In my opinion, this is one of the more perplexing, and even unsettling, issues for any person of any faith who believes in a Higher Power, regardless of where they are on the evolution-spectrum.

Osborn is an adjunct professor in the Department of International Relations at the University of Southern California. His articles have appeared in a variety of popular as well as scholarly publications including Commonweal, First Things, Sojourners, Review of International Studies, and Politics and Religion. Osborn’s writing has been shaped in important ways by his experiences growing up in Thailand, Taiwan, and Zimbabwe to missionary parents. His first book, Anarchy and Apocalypse: Essays on Faith, Violence, and Theodicy (2010), defends a distinctive form of nonviolent nonconformity with power or Christian anarchism.

Tell us what your book is about?

Death Before the Fall is a theological critique of literalistic or fundamentalist readings of Genesis and the related project of “scientific creationism.”

After laying out a broad analysis of the roots of literalism and its discontents, I wrestle with some of the challenges posed by animal suffering for young earth creationists and theistic evolutionists alike.

More than an attempt to win any argument, however, this book is a critical intervention that seeks to change the character and quality of the debate itself.  I am concerned with a very practical and pastoral question: How can we be honest yet at the same time gracious dialogue partners across deep divisions over what to make of Scripture and the evidence of natural science?

Who is your intended audience?  Christian “liberals” (for lack of a better term) already agree with your views.  “Fundamentalists” (again for lack of a better designation) are bound to disagree.  Who are you writing for?

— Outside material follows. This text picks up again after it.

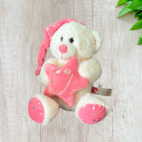 Puha mackó, rózsaszín sapkában Méret:31cm Hibátlan állapotú.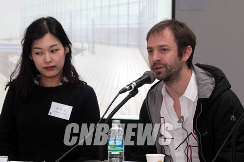 ▲3일 정오 서울 소격동 국립현대미술관 서울관에서 '박스 프로젝트 2014:레안드로 에를리치'전 설명회가 열렸다.이날 자리를 함께한 아르헨티나 출신 작가 레안드로 에를리치(41)가 서울관에 설치한 '대척점의 항구' 작업에 대해 설명하고 있다.(사진=왕진오 기자)

Creationism and biblical literalism continue to play a powerful role in American culture, not only in the conflicts that play out within many evangelical communities but also in the public square as the site of perennial battles over science education.

The recent debate between Ken Ham and Bill Nye offers a case in point.  This book will hopefully be valuable to persons of all beliefs or none–whether students, pastors, or others–trying to make sense of these struggles.  I have tried to offer a trenchant critique of what I believe are immensely damaging ideas about the relationship between faith and science but to do so in a way that opens pathways to conversation rather than closing them.

For “liberals,” Death Before the Fall might provide some occasions for self examination as well as resources for engaging with their literalist friends and family members since there are enough challenges to go around for all of us.

For traditionalists who read Genesis quite literally but who are not “fundamentalists” and so remain open to authentic dialogue with others, this book might help them to better understand the intellectual and religious perils of their position–and how one can be a committed Christian and embrace evolution without contradiction.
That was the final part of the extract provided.